* Dataset records:
....
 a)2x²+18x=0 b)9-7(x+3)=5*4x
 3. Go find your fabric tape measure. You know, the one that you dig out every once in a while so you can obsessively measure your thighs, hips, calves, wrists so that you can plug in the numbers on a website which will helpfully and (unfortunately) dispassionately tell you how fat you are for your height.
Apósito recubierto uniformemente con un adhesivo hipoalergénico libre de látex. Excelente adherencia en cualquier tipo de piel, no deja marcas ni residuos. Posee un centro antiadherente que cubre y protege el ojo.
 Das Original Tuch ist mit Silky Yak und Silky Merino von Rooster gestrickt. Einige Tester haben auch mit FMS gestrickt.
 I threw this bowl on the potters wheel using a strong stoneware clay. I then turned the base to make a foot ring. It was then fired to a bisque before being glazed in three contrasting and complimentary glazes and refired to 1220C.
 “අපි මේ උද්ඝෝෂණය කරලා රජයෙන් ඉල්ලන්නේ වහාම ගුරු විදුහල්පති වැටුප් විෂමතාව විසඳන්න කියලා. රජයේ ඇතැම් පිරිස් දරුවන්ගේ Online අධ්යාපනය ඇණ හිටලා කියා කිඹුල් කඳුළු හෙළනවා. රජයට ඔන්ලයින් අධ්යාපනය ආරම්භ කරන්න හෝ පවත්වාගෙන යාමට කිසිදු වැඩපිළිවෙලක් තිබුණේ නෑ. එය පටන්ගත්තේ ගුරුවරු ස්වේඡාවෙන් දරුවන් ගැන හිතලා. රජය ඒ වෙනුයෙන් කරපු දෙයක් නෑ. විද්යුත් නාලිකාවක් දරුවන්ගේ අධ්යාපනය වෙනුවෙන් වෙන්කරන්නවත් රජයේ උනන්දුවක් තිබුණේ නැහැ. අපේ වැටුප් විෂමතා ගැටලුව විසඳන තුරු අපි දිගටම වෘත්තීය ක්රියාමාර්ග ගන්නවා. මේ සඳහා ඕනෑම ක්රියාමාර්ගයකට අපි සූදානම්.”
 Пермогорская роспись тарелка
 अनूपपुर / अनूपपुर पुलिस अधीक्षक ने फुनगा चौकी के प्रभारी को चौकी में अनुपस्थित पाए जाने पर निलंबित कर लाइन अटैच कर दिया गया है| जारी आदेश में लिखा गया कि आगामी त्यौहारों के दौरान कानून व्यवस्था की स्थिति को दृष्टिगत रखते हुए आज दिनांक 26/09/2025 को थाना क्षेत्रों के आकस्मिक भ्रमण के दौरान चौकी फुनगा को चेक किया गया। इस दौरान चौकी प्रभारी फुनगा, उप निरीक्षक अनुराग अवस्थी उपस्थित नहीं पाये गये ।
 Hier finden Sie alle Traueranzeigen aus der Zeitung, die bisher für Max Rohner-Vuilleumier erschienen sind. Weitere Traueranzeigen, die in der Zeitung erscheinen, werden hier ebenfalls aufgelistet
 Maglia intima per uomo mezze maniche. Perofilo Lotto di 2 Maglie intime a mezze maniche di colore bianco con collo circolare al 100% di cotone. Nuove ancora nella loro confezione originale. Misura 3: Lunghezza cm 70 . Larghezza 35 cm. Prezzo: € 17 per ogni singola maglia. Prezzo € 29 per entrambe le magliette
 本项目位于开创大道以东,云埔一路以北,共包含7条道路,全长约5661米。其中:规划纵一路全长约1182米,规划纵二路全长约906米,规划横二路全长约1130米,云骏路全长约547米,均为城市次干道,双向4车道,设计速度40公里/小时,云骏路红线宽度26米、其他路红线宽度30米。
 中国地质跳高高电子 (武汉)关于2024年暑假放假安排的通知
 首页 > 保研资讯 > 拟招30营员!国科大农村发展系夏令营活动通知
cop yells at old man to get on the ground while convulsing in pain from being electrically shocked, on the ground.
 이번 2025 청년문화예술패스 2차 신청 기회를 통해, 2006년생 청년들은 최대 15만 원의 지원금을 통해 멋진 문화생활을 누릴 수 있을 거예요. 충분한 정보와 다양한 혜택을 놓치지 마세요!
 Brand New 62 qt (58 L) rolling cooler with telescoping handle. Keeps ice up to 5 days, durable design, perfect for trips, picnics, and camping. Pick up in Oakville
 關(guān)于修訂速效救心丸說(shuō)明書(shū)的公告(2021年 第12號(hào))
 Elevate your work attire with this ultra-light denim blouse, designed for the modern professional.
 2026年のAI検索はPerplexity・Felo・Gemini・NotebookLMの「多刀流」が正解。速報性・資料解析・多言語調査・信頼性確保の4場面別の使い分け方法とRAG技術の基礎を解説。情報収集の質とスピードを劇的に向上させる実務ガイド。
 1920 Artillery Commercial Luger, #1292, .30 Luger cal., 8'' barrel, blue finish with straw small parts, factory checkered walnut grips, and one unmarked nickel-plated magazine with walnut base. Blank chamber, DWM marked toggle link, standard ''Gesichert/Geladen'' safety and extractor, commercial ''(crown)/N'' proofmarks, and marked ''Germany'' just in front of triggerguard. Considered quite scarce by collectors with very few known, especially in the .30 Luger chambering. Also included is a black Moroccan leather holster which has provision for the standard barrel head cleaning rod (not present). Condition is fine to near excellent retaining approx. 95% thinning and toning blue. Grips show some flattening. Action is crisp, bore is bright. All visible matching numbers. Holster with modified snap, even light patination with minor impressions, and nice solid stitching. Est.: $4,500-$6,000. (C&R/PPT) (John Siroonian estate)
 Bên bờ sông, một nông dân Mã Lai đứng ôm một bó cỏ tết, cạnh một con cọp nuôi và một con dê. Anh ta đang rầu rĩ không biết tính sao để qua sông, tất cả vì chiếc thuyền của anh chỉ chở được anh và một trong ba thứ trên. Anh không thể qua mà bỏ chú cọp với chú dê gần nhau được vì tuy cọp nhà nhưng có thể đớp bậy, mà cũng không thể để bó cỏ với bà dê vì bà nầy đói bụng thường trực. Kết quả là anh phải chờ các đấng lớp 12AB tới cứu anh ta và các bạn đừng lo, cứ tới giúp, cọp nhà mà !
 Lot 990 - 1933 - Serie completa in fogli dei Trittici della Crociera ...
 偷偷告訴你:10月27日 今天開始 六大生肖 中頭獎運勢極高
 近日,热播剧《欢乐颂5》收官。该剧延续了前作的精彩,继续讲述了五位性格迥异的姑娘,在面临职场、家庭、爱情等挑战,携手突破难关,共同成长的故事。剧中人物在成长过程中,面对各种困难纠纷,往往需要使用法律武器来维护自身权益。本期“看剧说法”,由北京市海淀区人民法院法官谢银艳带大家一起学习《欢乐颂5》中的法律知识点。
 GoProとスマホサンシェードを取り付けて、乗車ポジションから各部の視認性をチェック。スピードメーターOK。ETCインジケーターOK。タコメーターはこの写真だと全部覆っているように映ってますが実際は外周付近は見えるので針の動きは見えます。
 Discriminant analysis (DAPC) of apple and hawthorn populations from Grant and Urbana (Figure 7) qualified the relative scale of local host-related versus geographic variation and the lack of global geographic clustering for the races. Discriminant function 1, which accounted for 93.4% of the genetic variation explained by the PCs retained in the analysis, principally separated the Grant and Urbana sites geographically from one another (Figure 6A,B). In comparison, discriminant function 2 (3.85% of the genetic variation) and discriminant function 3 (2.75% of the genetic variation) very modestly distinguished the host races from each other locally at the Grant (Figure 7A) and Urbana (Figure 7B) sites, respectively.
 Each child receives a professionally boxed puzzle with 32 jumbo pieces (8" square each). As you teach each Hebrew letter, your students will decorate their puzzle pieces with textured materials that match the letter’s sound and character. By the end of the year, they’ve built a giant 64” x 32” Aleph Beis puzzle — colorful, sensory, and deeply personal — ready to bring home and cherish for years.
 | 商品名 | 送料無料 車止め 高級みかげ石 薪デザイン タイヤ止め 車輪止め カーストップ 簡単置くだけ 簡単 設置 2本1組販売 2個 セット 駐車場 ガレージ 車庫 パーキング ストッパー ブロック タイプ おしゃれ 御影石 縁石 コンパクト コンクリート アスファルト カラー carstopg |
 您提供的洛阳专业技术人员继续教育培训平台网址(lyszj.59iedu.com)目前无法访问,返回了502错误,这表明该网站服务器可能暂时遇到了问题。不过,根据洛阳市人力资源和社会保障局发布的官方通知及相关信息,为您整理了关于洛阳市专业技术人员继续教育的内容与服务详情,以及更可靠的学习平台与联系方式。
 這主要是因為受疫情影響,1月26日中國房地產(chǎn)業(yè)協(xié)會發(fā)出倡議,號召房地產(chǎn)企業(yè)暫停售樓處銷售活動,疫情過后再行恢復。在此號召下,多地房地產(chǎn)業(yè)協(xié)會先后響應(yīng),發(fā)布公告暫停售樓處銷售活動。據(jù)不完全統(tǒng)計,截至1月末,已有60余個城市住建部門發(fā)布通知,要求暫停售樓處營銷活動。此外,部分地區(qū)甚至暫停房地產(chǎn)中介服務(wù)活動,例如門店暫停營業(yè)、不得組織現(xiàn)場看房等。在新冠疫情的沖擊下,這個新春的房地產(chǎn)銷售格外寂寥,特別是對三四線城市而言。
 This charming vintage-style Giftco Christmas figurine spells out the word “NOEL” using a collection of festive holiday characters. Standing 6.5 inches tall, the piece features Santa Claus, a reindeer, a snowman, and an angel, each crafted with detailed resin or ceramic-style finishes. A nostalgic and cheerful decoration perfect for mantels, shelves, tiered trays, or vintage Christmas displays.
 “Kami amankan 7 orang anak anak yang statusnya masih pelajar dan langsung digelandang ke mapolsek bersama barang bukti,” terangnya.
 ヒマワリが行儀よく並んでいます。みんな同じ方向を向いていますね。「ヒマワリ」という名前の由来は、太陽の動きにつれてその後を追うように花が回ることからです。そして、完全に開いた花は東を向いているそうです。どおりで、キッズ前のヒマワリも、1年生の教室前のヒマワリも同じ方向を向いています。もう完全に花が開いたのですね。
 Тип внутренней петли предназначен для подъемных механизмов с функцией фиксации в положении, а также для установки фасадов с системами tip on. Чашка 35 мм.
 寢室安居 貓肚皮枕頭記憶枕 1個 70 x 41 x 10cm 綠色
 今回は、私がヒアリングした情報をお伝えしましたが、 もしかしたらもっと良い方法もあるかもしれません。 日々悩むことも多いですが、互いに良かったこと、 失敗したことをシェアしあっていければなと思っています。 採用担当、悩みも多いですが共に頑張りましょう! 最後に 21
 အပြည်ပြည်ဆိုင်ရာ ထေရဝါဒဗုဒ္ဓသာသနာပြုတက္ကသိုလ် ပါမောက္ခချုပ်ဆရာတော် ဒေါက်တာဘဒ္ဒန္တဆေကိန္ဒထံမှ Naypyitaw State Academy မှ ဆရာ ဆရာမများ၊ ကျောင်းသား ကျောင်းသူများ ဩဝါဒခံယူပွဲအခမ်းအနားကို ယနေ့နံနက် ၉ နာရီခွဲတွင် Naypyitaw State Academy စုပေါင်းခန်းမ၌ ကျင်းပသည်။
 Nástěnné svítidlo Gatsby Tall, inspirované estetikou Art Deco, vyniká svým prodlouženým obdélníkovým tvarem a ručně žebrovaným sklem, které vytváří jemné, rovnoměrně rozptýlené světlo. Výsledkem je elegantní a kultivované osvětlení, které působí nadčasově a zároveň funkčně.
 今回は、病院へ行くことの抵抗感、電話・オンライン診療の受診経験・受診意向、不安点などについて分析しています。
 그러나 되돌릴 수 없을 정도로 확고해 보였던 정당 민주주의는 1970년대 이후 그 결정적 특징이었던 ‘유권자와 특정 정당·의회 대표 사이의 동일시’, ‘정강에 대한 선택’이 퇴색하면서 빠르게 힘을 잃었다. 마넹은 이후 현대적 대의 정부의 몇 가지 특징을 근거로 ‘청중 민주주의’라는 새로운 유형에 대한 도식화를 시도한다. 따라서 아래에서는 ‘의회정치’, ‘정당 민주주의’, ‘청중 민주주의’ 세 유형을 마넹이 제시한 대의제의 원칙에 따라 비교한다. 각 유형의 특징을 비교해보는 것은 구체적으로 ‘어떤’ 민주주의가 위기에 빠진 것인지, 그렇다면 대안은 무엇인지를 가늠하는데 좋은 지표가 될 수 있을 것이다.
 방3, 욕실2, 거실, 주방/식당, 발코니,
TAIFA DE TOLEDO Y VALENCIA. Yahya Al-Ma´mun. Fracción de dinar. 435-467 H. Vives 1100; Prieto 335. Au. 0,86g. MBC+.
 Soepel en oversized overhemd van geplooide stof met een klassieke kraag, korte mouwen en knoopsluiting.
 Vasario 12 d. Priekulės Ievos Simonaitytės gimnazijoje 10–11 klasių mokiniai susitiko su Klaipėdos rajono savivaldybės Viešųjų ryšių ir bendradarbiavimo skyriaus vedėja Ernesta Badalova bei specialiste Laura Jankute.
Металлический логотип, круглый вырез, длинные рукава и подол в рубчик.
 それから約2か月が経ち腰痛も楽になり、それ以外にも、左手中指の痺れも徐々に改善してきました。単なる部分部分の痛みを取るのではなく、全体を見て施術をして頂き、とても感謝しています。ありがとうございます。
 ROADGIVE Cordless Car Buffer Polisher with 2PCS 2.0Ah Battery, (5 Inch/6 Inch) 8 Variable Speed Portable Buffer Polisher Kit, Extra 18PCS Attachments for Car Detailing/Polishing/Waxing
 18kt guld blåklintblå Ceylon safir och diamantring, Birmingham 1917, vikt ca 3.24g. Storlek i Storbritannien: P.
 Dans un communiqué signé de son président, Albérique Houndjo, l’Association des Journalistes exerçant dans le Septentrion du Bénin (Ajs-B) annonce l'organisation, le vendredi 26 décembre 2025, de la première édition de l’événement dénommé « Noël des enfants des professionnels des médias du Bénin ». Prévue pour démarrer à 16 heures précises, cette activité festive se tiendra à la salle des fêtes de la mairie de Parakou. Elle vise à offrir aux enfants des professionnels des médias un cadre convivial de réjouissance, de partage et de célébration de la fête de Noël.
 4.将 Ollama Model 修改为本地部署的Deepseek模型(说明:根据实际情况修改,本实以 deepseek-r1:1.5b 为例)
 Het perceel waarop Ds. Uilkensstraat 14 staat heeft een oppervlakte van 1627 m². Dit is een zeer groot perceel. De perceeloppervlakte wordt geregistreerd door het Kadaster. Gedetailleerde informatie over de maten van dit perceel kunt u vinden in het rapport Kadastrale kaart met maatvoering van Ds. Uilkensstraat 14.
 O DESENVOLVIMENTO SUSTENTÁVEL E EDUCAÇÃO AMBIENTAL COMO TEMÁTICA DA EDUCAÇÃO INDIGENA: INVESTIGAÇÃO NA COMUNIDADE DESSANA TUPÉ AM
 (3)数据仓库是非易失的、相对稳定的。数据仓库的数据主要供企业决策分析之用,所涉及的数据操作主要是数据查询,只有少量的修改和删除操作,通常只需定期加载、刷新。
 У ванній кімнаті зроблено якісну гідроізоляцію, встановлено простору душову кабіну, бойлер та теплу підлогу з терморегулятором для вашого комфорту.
....
Taking the line with "Пермогорская роспись тарелка" as the first and the line with "2026年のAI検索はPer" as the last, retype that stretch of the data above exactly, with no other lines.

* Exercise result:
 Пермогорская роспись тарелка
 अनूपपुर / अनूपपुर पुलिस अधीक्षक ने फुनगा चौकी के प्रभारी को चौकी में अनुपस्थित पाए जाने पर निलंबित कर लाइन अटैच कर दिया गया है| जारी आदेश में लिखा गया कि आगामी त्यौहारों के दौरान कानून व्यवस्था की स्थिति को दृष्टिगत रखते हुए आज दिनांक 26/09/2025 को थाना क्षेत्रों के आकस्मिक भ्रमण के दौरान चौकी फुनगा को चेक किया गया। इस दौरान चौकी प्रभारी फुनगा, उप निरीक्षक अनुराग अवस्थी उपस्थित नहीं पाये गये ।
 Hier finden Sie alle Traueranzeigen aus der Zeitung, die bisher für Max Rohner-Vuilleumier erschienen sind. Weitere Traueranzeigen, die in der Zeitung erscheinen, werden hier ebenfalls aufgelistet
 Maglia intima per uomo mezze maniche. Perofilo Lotto di 2 Maglie intime a mezze maniche di colore bianco con collo circolare al 100% di cotone. Nuove ancora nella loro confezione originale. Misura 3: Lunghezza cm 70 . Larghezza 35 cm. Prezzo: € 17 per ogni singola maglia. Prezzo € 29 per entrambe le magliette
 本项目位于开创大道以东,云埔一路以北,共包含7条道路,全长约5661米。其中:规划纵一路全长约1182米,规划纵二路全长约906米,规划横二路全长约1130米,云骏路全长约547米,均为城市次干道,双向4车道,设计速度40公里/小时,云骏路红线宽度26米、其他路红线宽度30米。
 中国地质跳高高电子 (武汉)关于2024年暑假放假安排的通知
 首页 > 保研资讯 > 拟招30营员!国科大农村发展系夏令营活动通知
cop yells at old man to get on the ground while convulsing in pain from being electrically shocked, on the ground.
 이번 2025 청년문화예술패스 2차 신청 기회를 통해, 2006년생 청년들은 최대 15만 원의 지원금을 통해 멋진 문화생활을 누릴 수 있을 거예요. 충분한 정보와 다양한 혜택을 놓치지 마세요!
 Brand New 62 qt (58 L) rolling cooler with telescoping handle. Keeps ice up to 5 days, durable design, perfect for trips, picnics, and camping. Pick up in Oakville
 關(guān)于修訂速效救心丸說(shuō)明書(shū)的公告(2021年 第12號(hào))
 Elevate your work attire with this ultra-light denim blouse, designed for the modern professional.
 2026年のAI検索はPerplexity・Felo・Gemini・NotebookLMの「多刀流」が正解。速報性・資料解析・多言語調査・信頼性確保の4場面別の使い分け方法とRAG技術の基礎を解説。情報収集の質とスピードを劇的に向上させる実務ガイド。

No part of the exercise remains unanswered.